Searching cyberspace for decades, and finding little encouragement of
sufficient action, I deeply sense an emergent opening in the
Evolutionary story field, that I hope to connect with, and contribute to.

I highly respect the energy and courage of Tom Atlee, whom I met at a
Y2K conference in Boulder (and who responded by phone to me after
reading my summary analysis of the Y2K scene). Those he attracts will be
quality, and although I feel "open space" and "world café" processes
are obsolete (re our current needs), I look forward to a week living
within these processes.

I hope to learn, to give and receive support, to attempt to share my
visions and stories, and mostly to be part of what might later be viewed
as a catalytic moment in the history of Humanity/ GAIA.

Finally, I hope to make contacts with others who might seaf (support,
enable, augment, facilitate) my future efforts.

I am open to contribute what time and energy I have towards the success
of the conference. Of the multitude of options for me to engage my
limited time, THIS conference stands out strongly.


Larry Victor (nuet)

Lion Kimbro

unread,
Jul 27, 2007, 3:27:31 PM7/27/07
to story...@googlegroups.com
What a great idea for a thread!

I've been asking myself,
"Why am I intrigued with the Storycology idea?
What is it about "Story" that is pulling me?"
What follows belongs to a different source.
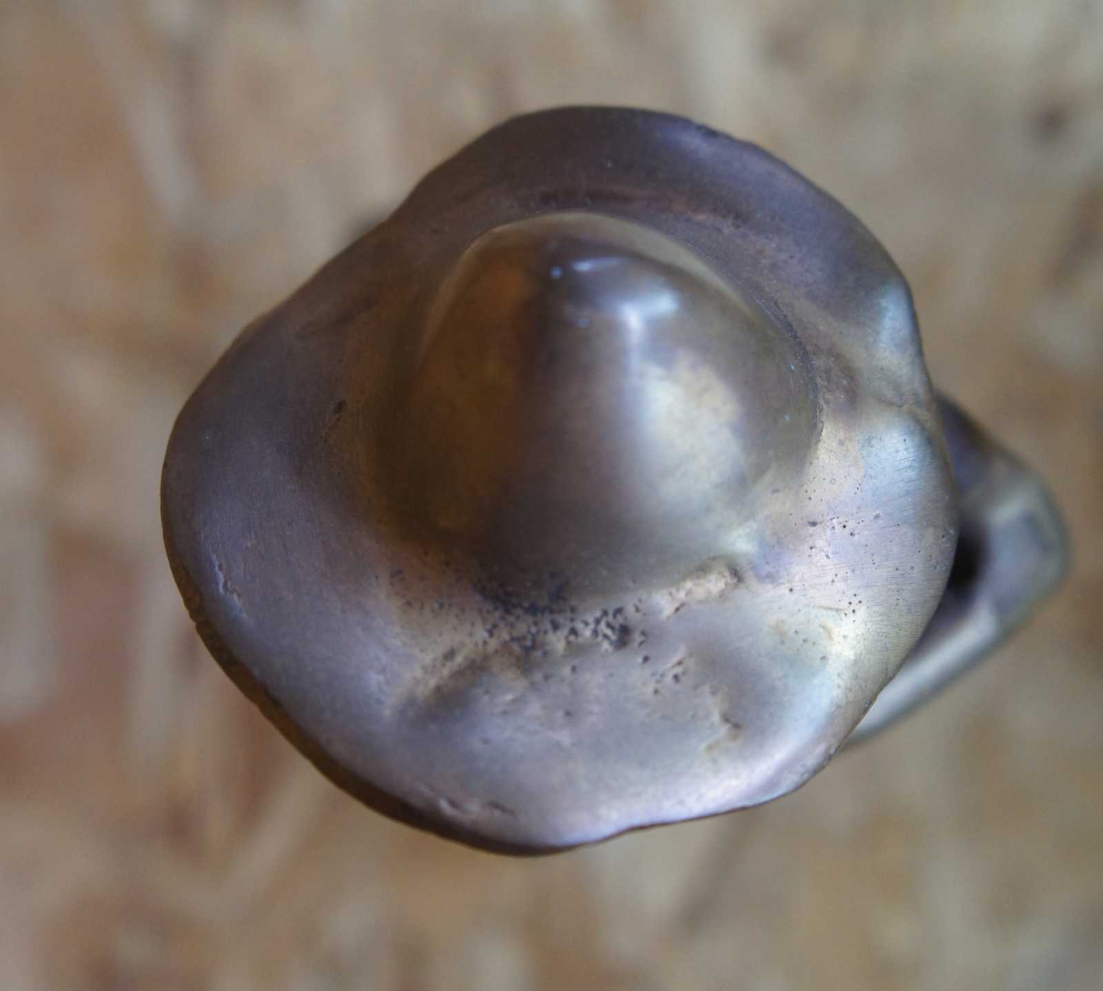 Vintage mid century bronze statue of a young boy or fisherman remeniscent of Huckleberry Finn. Features a boy standing on the rocks wearing makeshift clothing with a straw hat, inspecting his catch.

I've tried to explain it, but I usually end up fumbling on my words.
So, all I have here is fragments.


---
SHORT VERSION:
* books have inspired me (George Orwell)
* interested in an "Open Source EST/Landmark Forum"
* new religious forms?
* OpenSource society?
* social self-awareness?
* I don't know.


My idea of mailing lists is that:

MAILING LISTS are *NOT* PEZ DISPENSORS OF LABOR

No expectations of reading
everything,... or even anything!


(STOP here, if you have things to do.)


---
LONG VERSION:

The idea comes to me as a series of visions and arguments:

* Books --

George Orwell's "What are we to do with our lives?" [1]
Marshall Brain's "Manna" [2]

I don't believe that these sorts of visions are possible, but I do
believe that they are stars that can guide us to good realities.
And who knows; What if they *are* possible?

* "Open Source Motivational Society"

Something like the Landmark Forum or EST, ("LGAT"s,)
but open source, individualized, more participatory in construction
and execution, broadly practiced.

Something like a cross between a religion, a society, a club, a
metaphysics, a practice, and so on.

* Re-consideration of Science, Philosophy, Psychology, Metaphysics,
Imagination

Somewhere down the line, I think we need a clear social vision of
the role of the imagination.

In the past, men said, "Imagination comes from God." It was
something with near mystical powers. Now we know, "That's not
true; It's all atoms and molecules and neurochemistry."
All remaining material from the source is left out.